# Oklahoma City Train Show???



## barnmichael (Jan 2, 2008)

I just heard about a train show coming up in Oklahoma City Dec 6&7. Does anyone know anything about this show? Is there much, if any, large scale stuff or is it all those itty-bitty things I can't see?

It's about three hours north of me. I'm just wondering if it is worth the time to run up there.

Comments????


----------



## MarkLewis (Jan 2, 2008)

It's a very large show, but with little G-scale. Here's the link:
Oklahoma City Train Show 

Mark


----------



## vg3616084 (Aug 17, 2008)

My family and I display our G-scale layout there each year, this year we have added larger corners and have gone from a 16 x 24 area to a 28 x 38 size area. With two new 10ft long x 2+ft deep bridge spans, and 12 new module sections (the 4 new corners included) we are looking forward to some fun! Not sure if you made it up to the HAGRS last year but we displaced our smaller layout there (the first year of the show). The layout has all hand laid code 250rail, modeled after a small narrow gauge line, it has two main lines with a small yard, turn table, 3-stall engine house, many hand built structures and other small touches. We run both DC and battery powered locos (all narrow gauge). 

Regarding the show:
There is a small selection of G-scale items at the show; each year the items seem to increase with more people doing G-scale and the clubs in our area--more we request G, the more we see it. The show is a mixed show (being from Z scale to G-scale, and even some 1-1/2in stuff). Very fun show! A large number of layouts, if you like trains-any type of model trains this is a “don't miss show”.

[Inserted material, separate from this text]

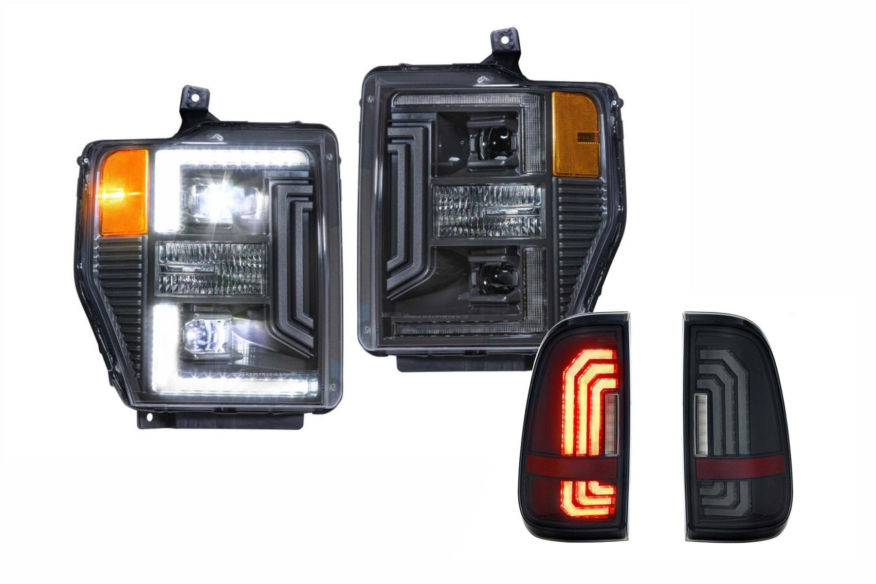 Headlights: Facelift by Morimoto: Just because you're driving an older truck doesn't mean you don't deserve to see and be seen. The Hybrid LED Headlights from Morimoto for the 08-10 Ford Super Duty are a front-end game changer for your truck. New look, more light, and reasonably priced... what is not to like? Updated Design: The design of the Morimoto XB Hybrids for the 08-10 Super Duty trucks is reminiscent of the more modern OEM LED headlights and there's no question-- It is quite fitting as a facelift on these trucks. The LED daytime running light is powered by Osram 5000K LEDs and is probably bright enough to illuminate the road more effectively than your stock halogen Ford Super Duty headlights. Hybrid Turn Signals: With the XB Hybrids, you'll re-use your stock halogen turn signal bulb right there in the center of the light-- which on one hand is nice in order to avoid any hyperflash shenanigans. Of course, if you're all about having an LED turn signal, no problem... you could put a set of plug n play LED bulbs in the middle too, which we also offer. Performance and Precision: Morimoto continues to build headlights that aren't all about looks and nothing more. We've seen the full spectrum, trust us, most aftermarket headlights end up being a downgrade in the light output department-- but that's far from the case here. The XB hybrids use a dedicated low and high beam LED projector that produces a supremely wide, bright, and properly distributed beam pattern. Throw. Your. Old. Headlights. Away. Now. Not only that, but these optics meet & exceed all SAE, DOT standards, and come out of the box fully aimed to OEM spec (yes, they are adjustable too). Plug and Play Wiring: As for wiring, Morimoto's LED headlights are designed to work on your SuperDuty without any modifications. Very simple plug n play setup with just a few connections that you should be able to setup in no time. Nobody likes to cut and splice wiring, and Morimoto respects that. Special: What does an older Super Duty and a new U-haul truck have in common? Well, the stock, garbage headlights of course! If you have this truck, you're probably struggling to see much of anything at night... that's no mystery, that's reality. Give yourself and your truck the well-deserved gift of vision, safety and style. Get yourself a set of the Morimoto XB Hybrid LED headlights for the 08-18 Ford Super Duty. Tail Lights: Ford Super Duty Tail Lights: While every biz in the aftermarket has a catalog full of products for these trucks, somehow no brand has yet to deliver a worthy set of tail lights for this body style... until now. The Morimoto XB LED tail lights are the category killer that every 99-16 F250, F350, or F450 owner has been waiting for!Reverse Lights: Often over-looked, but not with the Morimoto XB tail lights for the Super Duties. While they come standard with powerful LED reverse lights, just wait, there's more! Morimoto's Backup-Boost system allows you to plug n play with the optional LED Reverse Light Bar, which mounts to the top of your license plate frame and provides an extra 5000 lumens of controlled light output when in backing up. Yeah, Morimoto customers like to see where they're going... no matter the direction!Style: Dropping in some rear-facing LED chips would have been much easier and far less expensive to produce due to the tight spacing inside these housings... and while thats what every other brand to date has done, thats not how we roll. Instead, these have a much more modern look. Three sets of 3D light blades are illuminated from the rear with integrated TIR optics, and serve as the brake light and turn signal. Pair that with the surrounding muscular trim, optional smoked or red outer lens, and we've easily got what is the best-looking set tail lights on the road for the 99-16 Super Duties!Style and Safety: All Morimoto tail lights are designed to comply with all DOT, SAE regulations for rear-facing lamps. We pride ourselves on offering stylish, high-performance and safe products for serious enthusiasts, which is why all new Morimoto products are verified by trusted third party labs for compliance and are backed with an industry-leading five year warranty.
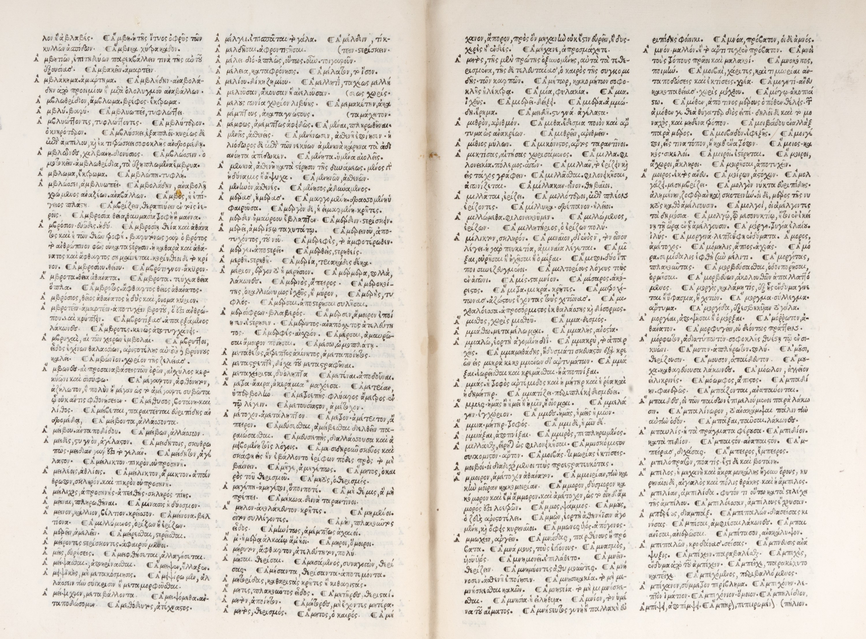 1514 Venezia, in aedibus Aldi et Andreae soceri, 1514. In 2°. Testo dell'introduzione in latino e dell'opera in greco su due colonne, àncora aldina al frontespizio e in fine, spazi per capilettera con letterine guida, primo e ultimo fascicolo rinforzati nel margine interno, ricostruito nel caso di a8, lievi ma estesi aloni di umidità marginali lungo il volume e qualche forellino di tarlo sparso, legatura tardo ottocentesca in pergamena di riuso da antico antifonario, con scritte ormai solo in parte visibili sul piatto posteriore, e dorso rinforzato in carta.

We will be there, so if anyone decides to come over and has maybe a battery *K-27* they would like to run (we built the new corners to be able to run the K's, just haven't been able to afford one yet) or maybe another narrow gauge loco, come by, say Hi and lets run trains together!

Tried to post/attach photo, not sure if this will work or not (new to this-noticed a message attachment area).


Vernon
Tulsa, OK


----------